Question

Liquid sodium can be used as a heat transfer fluid in some nuclear reactors due to its high thermal conductivity and low neutron absorptivity. Its vapor pressure is 40.0 torr at 633 degree C and an enthalpy of vaporization of 1.00x10^2 kJ/mol.
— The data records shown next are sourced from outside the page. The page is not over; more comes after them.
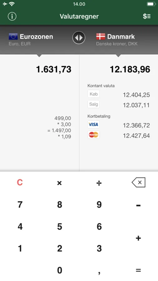 Når du bruger valutaberegneren, får du vist flere resultater/kurser. Der er fordi kurserne og dermed prisen er forskellig alt efter, hvordan du betaler. Er det fx et køb over nettet, du vil betale med dit kort? Eller vil du købe eller sælge rejsevaluta?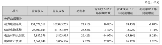 财报显示,上半年,宁德时代动力电池系统实现营收1315.73亿元,同比增长16.80%,毛利率为22.41%;储能电池系统实现营收284亿元,同比下降1.47%,毛利率为25.52%。
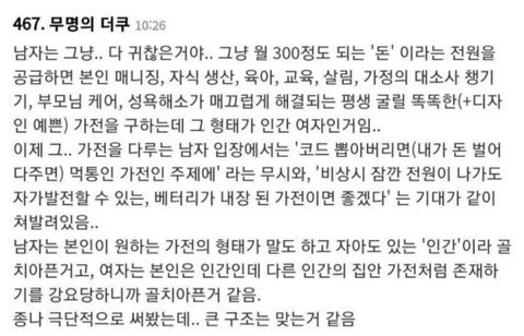 나도 밑댓처럼 걍 달에 입주도우미보다도 싼 금액 주고 청소하고 빨래하고 밥하고 내뒷바라지하고 우리부모님케어하고 명절에 우리집에서 시중들어주고 우리집 제사지내주고 육아하고 애까지 대신낳아주고 일끝나고 집에가면 반겨주고 하소연들어주고 쉑스도 해주는 남편 가지고싶다… 진짜 가성비 개미쳤는데?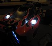Привет. Я использовал 4 светодиода на 25кд 5mm. Они держат 3v. Для питания использую блок с 2-мя пальчиковыми батарейками. Спереди окантовка сделана из обрезки шариковой ручки, отражатель - фольга, она проложена изнутри, чтобы корпус не светился. Снаружи использовал изоленту для изоляции. Сзади диод помещен в красный колпачек от ручки. Светит тоже ярко. Внутри провода проложены через трубочки для питься, в них 5mm диоды очень хорошо входят. Вот так. Тачила пережила уже пять катаний в снегу. Все живо. Если что спрашивайте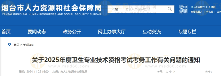 煙臺市2025年衛(wèi)生專業(yè)技術(shù)資格考試考務(wù)工作有關(guān)問題的通知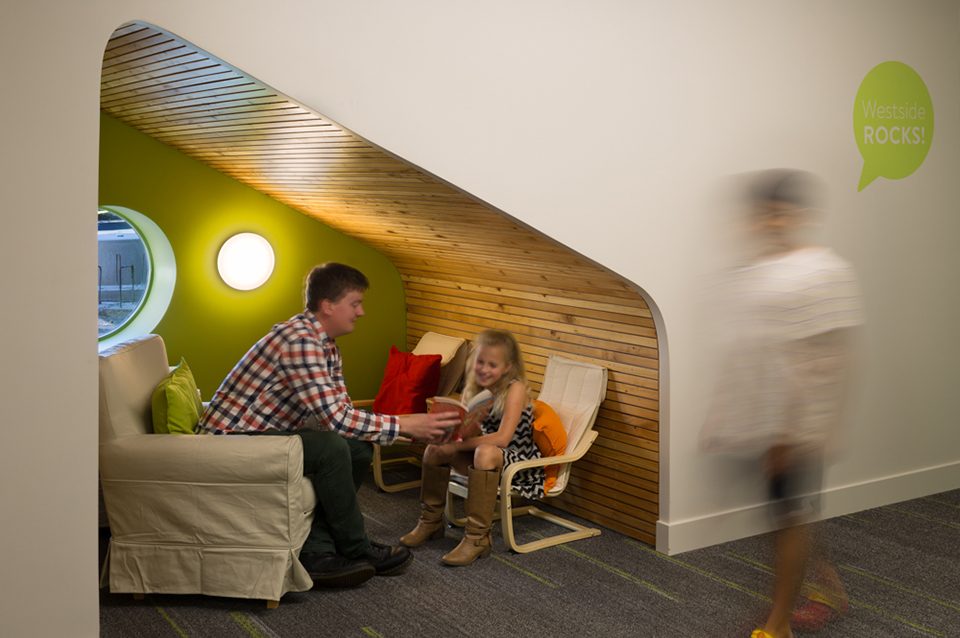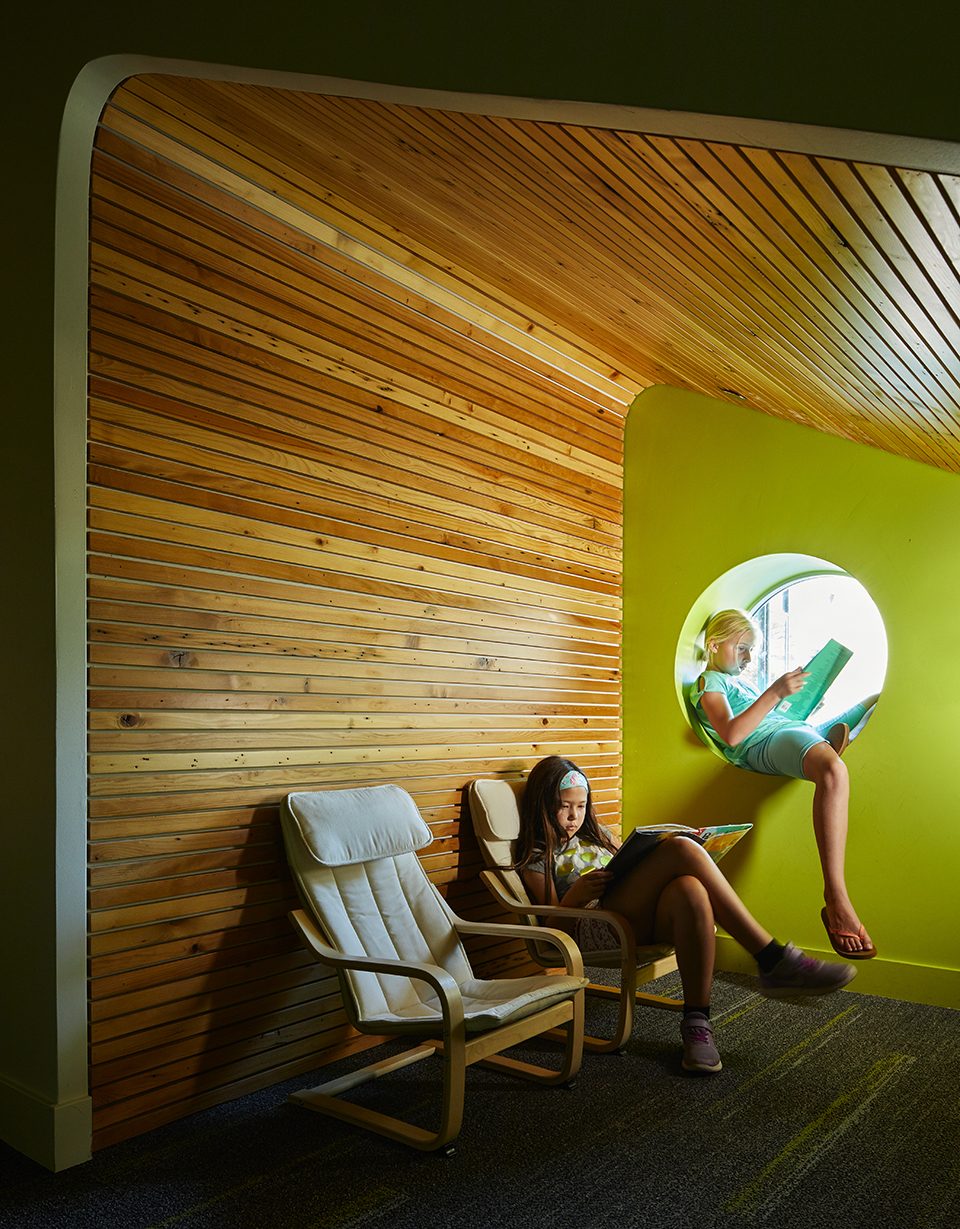 ▼嵌入教室墻壁的創意空間為自主交流和非正式的小組教學提供了靈活的場所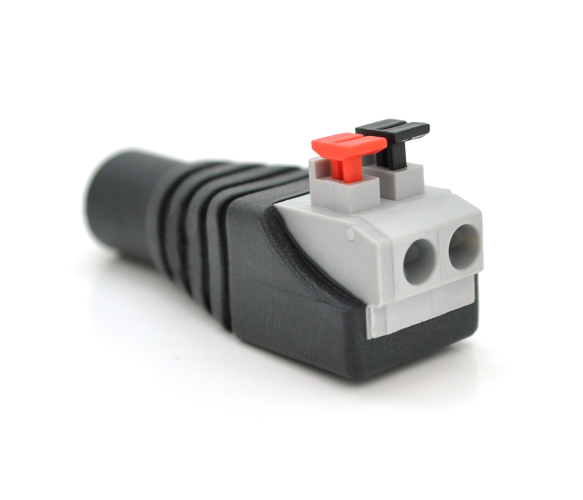 Роз'єм для підключення живлення DC-F - призначений для оперативного підключення живлення різного обладнання (систем відеоспостереження, живлення зарядних або інших побутових пристроїв) до джерела постійного струму 12/24В (DC). Монтаж можна здійснювати з різними типами кабелів: ШВВП, комбінований провід або кручена пара.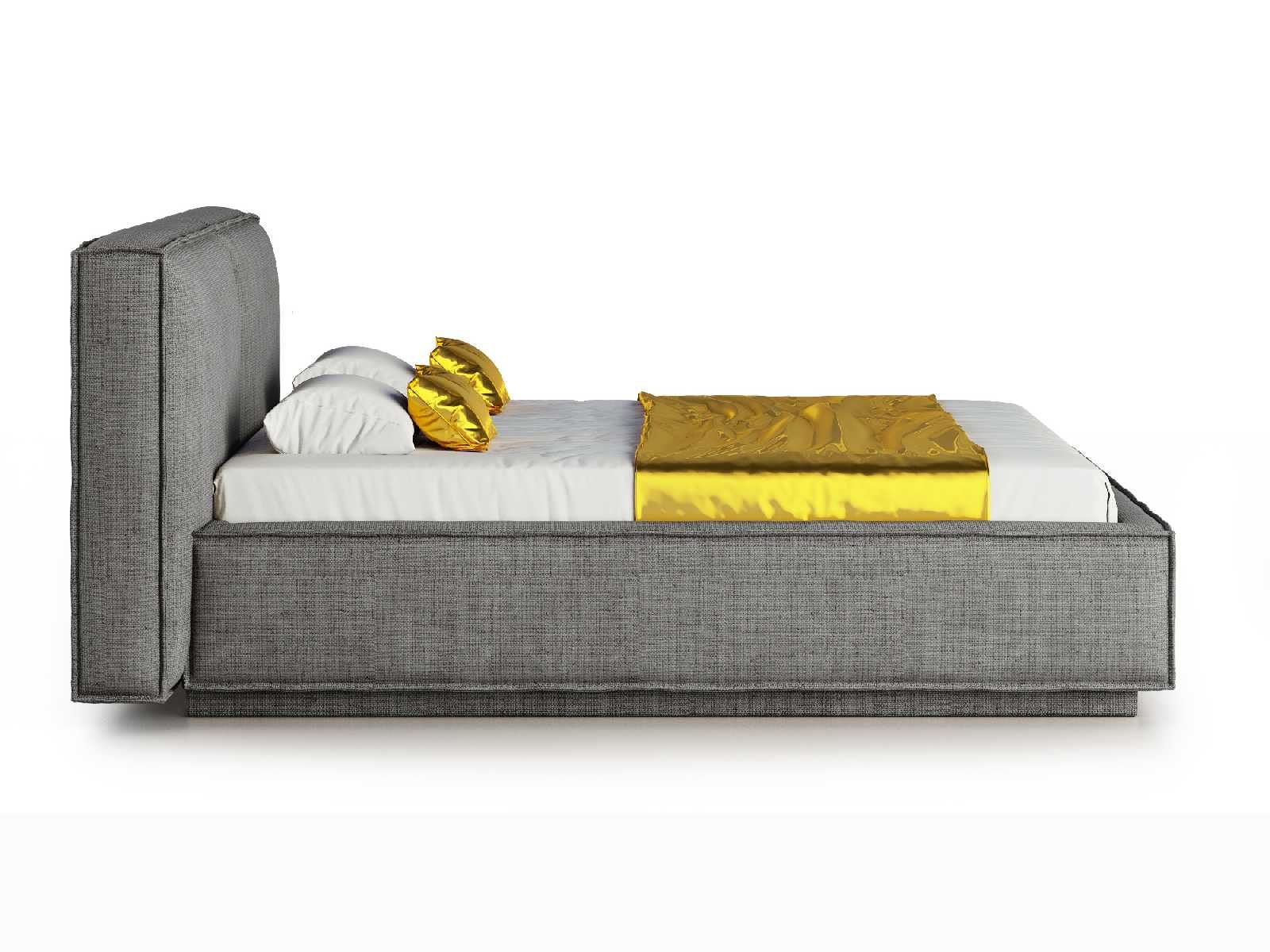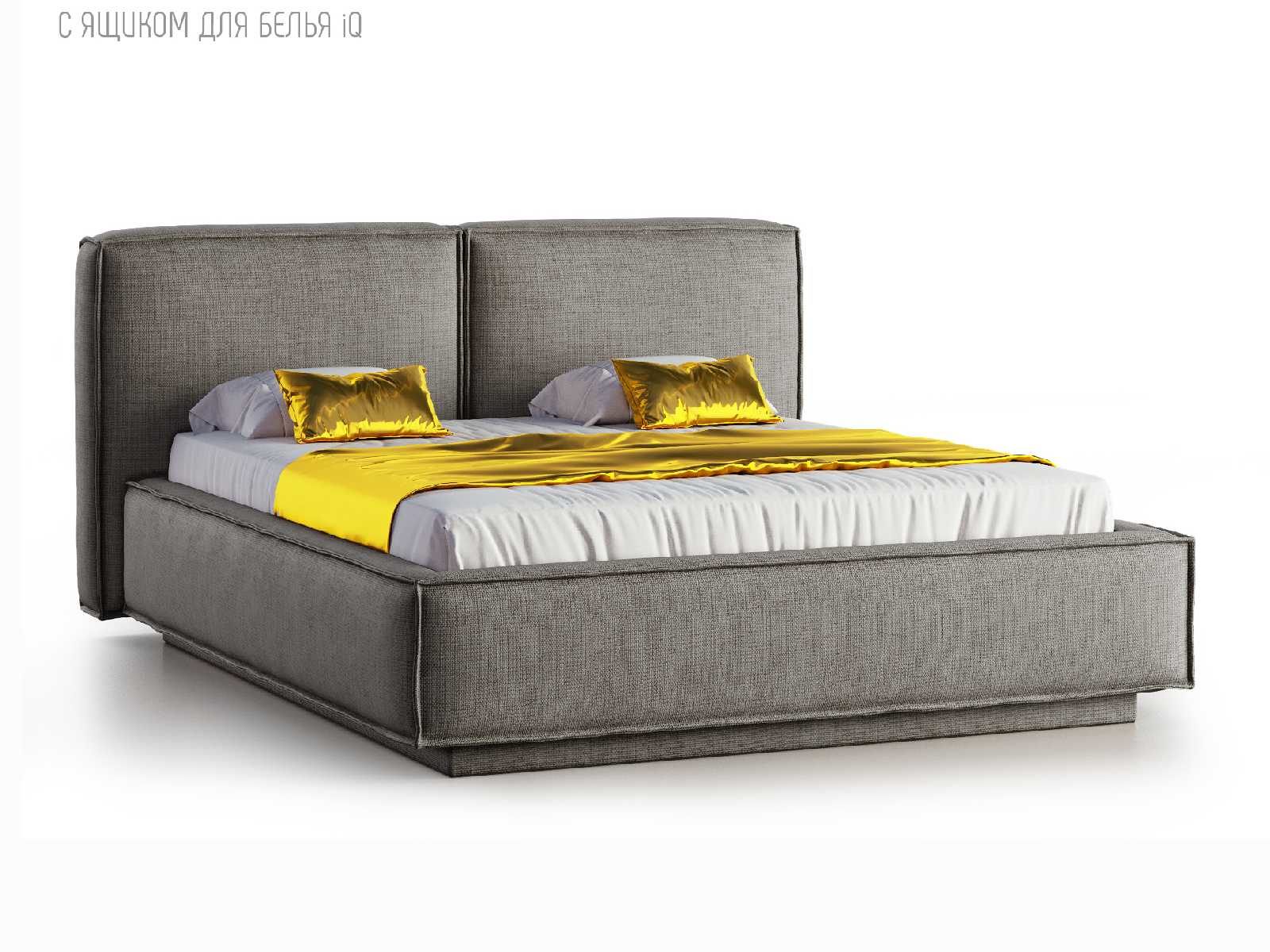 Кровать укомплектована IQ с подъемным механизмом и ящиком для белья без дна (дополнительная платная опция - дно к ящику IQ из HDF (ХДФ). Каркас кровати на цоколе, декоративный чехол на цоколе съёмный. Глубина ящика для белья - 30 см, без ограничения нагрузки на ящик.

To what temperature can it be heated if a maximum of 500 torr pressure is allowed in the system?

Answer 1

Answer:

1119.1 K

Explanation:

From Clausius-Clapeyron equation:

$\frac{dP}{dT}=$Δ$\frac{h_{v} }{R} (\frac{1}{T^{2} } )dT$

The equation may be integrated considering the enthalpy of vaporization constant, and its result is:

$ln(\frac{P_{2} }{P_{1} } )=-$Δ$\frac{h_{v} }{R}*(\frac{1}{T_{2} }-\frac{1}{T_{1} })$

Isolating the temperature $T_{2}$

$T_{2}=\frac{1}{\frac{-R}{dhv}*ln(\frac{P_{2} }{P_{1}}) +\frac{1}{T_{1}} }$

$T_{2}=\frac{1}{\frac{-8.314}{1.00*10^5}*ln(\frac{500}{40}) +\frac{1}{906.15}}$

$T_{2}=1119.1K$

Note: Remember to change the units of the enthalpy vaporization to J/mol; and the temperatures must be in Kelvin units.

There is a format mistake with the enthalpy of vaporization, each 'Δ' correspond to that.